There’s something about writing Hellboy that seems to turn someone as talented and as smart as Mike Mignola on a good day–he’s an absolute legend–into a god of comics. He’s like a staff wielding Odin, come to Earth to gift us with his magnificent work before returning to Asgard to resume his regular duties and watch over us all until it’s time to walk amongst us mortals once more. Okay, okay maybe he’s not Odin in one of his many disguises… maybe. The fact remains that when Mignola gets to work on Hellboy in Hell, it’s something else entirely. There’s a richness and depth that, while still found in abundance in his the titles, seems amplified somehow. There’s a feeling of more history here and he’s spent so much of his life crafting every corner and edge of Hellboy’s world and character that maybe, for him, it’s like seeing and old friend again and he relaxes and just does what he does. Who knows what goes on in his mind when he creates these books, but for as good as the rest of the Mignolaverse is–and they are extremely good–Hellboy in Hell towers above them all.

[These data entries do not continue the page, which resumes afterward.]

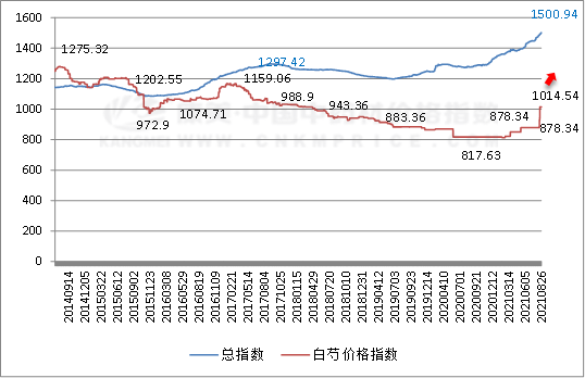 2、指數(shù)走勢2021年8月26日白芍價格指數(shù)值為1014.54點,低于此時總指數(shù)的1500.94點。從2014年7月6日至2021年8月26日白芍價格指數(shù)與總指數(shù)的歷史走勢來看,白芍價格指數(shù)與總指數(shù)出現(xiàn)兩次交叉,近5年一直往底部調(diào)整,產(chǎn)新期出現(xiàn)快速上升。
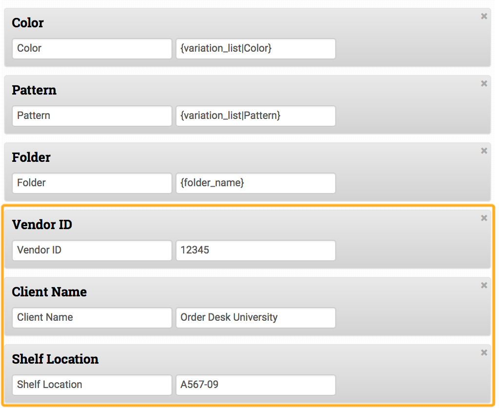 Unlike Order Desk field names, with curly brackets around them, that pull specific information from each order to use in the exported file, these will be exported exactly as you write them in the template:
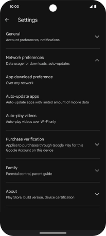 If you turn on limited update of apps via mobile network, your most used apps are automatically updated via the mobile network when no Wi-Fi networks are within range.
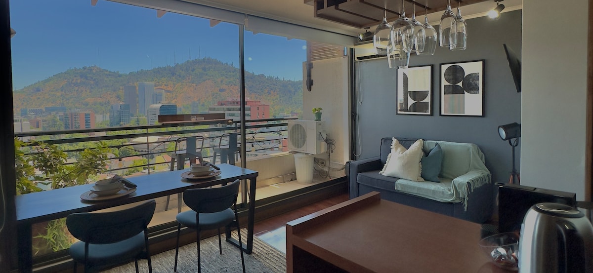 Elegante departamento situado en el corazón de Providencia. Con una impresionante vista a la cordillera de los Andes y al icónico Cerro San Cristóbal. Ubicado a solo pasos del metro Los Leones (Línea 1), mercado urbano tobalaba MUT y del Costanera Center, el centro comercial más grande de Chile. Rodeado de una amplia gama de restaurantes y bares. Ideal tanto para estancias cortas como largas, te ofrecemos un refugio perfecto para explorar Santiago o para relajarte después de un día ajetreado.

It’s not just in writing that Mignola is a god amongst mortals. No, with a pencil and some of the blackest ink you can image, Mignola is as deadly as they come. Considering the layout between issues and, generally speaking, the gaps in between new Mignola art work there’s the potential to forget just how good this guy really is. You get used to other styles, some more similar to each other than you’d like–think “house” style at any given publisher, though that’s thankfully not as bad as it might have been at one time–and you get sucked into a more typical comics style week after week, month after month and the image of the pure art style that Mignola has gets faded in your mind’s eye. So to open up a fresh comic from the man himself is all at once a slap in the face and a wake up call. There is no one like Mike Mignola; his art is pure, it’s raw, it’s pitch black and gloomy while simultaneously being energetic and captivating. There is nothing like it on the planet and never will be. Mike Mignola is the Jack Kirby of this generation. He does comics his way, and screw what comic art conventions might say. It’s brilliance on another level that will ultimately live on forever and influence countless artists and creators, as Kirby has and continues to do.

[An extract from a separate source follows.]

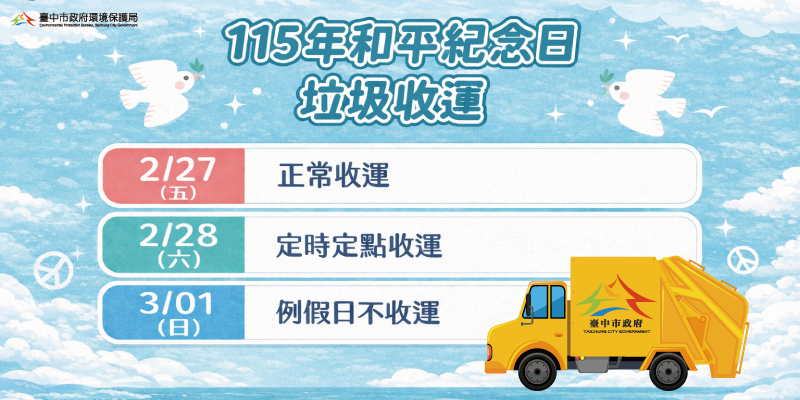 和平紀念日將至,台中市政府環境保護局為維持垃圾收運服務,於2月28日和平紀念日當天暫停沿街收運垃圾模式,改採「定時定點」垃圾收運服務,在全市廣設701處定點,每處停留時間約5至30分鐘,方便民眾倒垃圾,請市民提前掌握收運時間。

Speaking of being an influence to countless creators and artists, Mignolaverse veteran Dave Stewart–the King of the Eisners and the Master of Color–once again delivers in a way only he can. It looks like Mignola himself must have painted a few pages towards the beginning (which turned out brilliant and was an excellent contrast to the rest of this issue) and Dave handled the rest. Enough can’t be said about simplicity. Getting it right is not easy and in fact it’s something that very few have managed to accomplish. Dave’s color palette is utter visual ecstasy; the reds, the muted tones, the perfect blending with the heavy, signature blacks of Mignola all just work on a level that is likely overlooked by some. It’s simple, yet complicated. It has depth, but it’s flat colors. It’s something that, frankly, no one else has been able to replicate and at the end of the day it just wouldn’t feel right if anybody tried. Just like Mike Mignola, Dave Stewart is one of a kind and it’s always a visual stunner when his name is on a book.

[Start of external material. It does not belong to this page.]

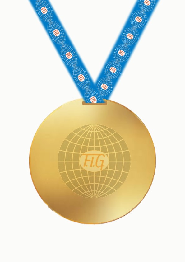 Aesthetically, the hanging ribbon is positioned towards the rear edge of the medal. The use of weave technique, incorporating the FIG logo within the weave. Berisford woven ribbon manufacturers based in Congleton are local manufacturers, minimising environmental impact and supporting the regional economy.

Is Hellboy in Hell every bit as good as described above? Absolutely. It’s all that and then some. It’s a special comic in a category all its own from creators that transcend anything you think you know about comics. If you haven’t read Hellboy, at the very least, you’ve not truly experienced comics yet. The depth, genius, both artistically and with the story, are far beyond what you might come into the series expecting. It’s its own beast and something you just can’t compare to other comics in the industry. It can’t be stressed enough here, or in any of the reviews before this, that you need to read Hellboy and experience it for yourself. Until then, it might be time for this reviewer to go back and read everything all over again.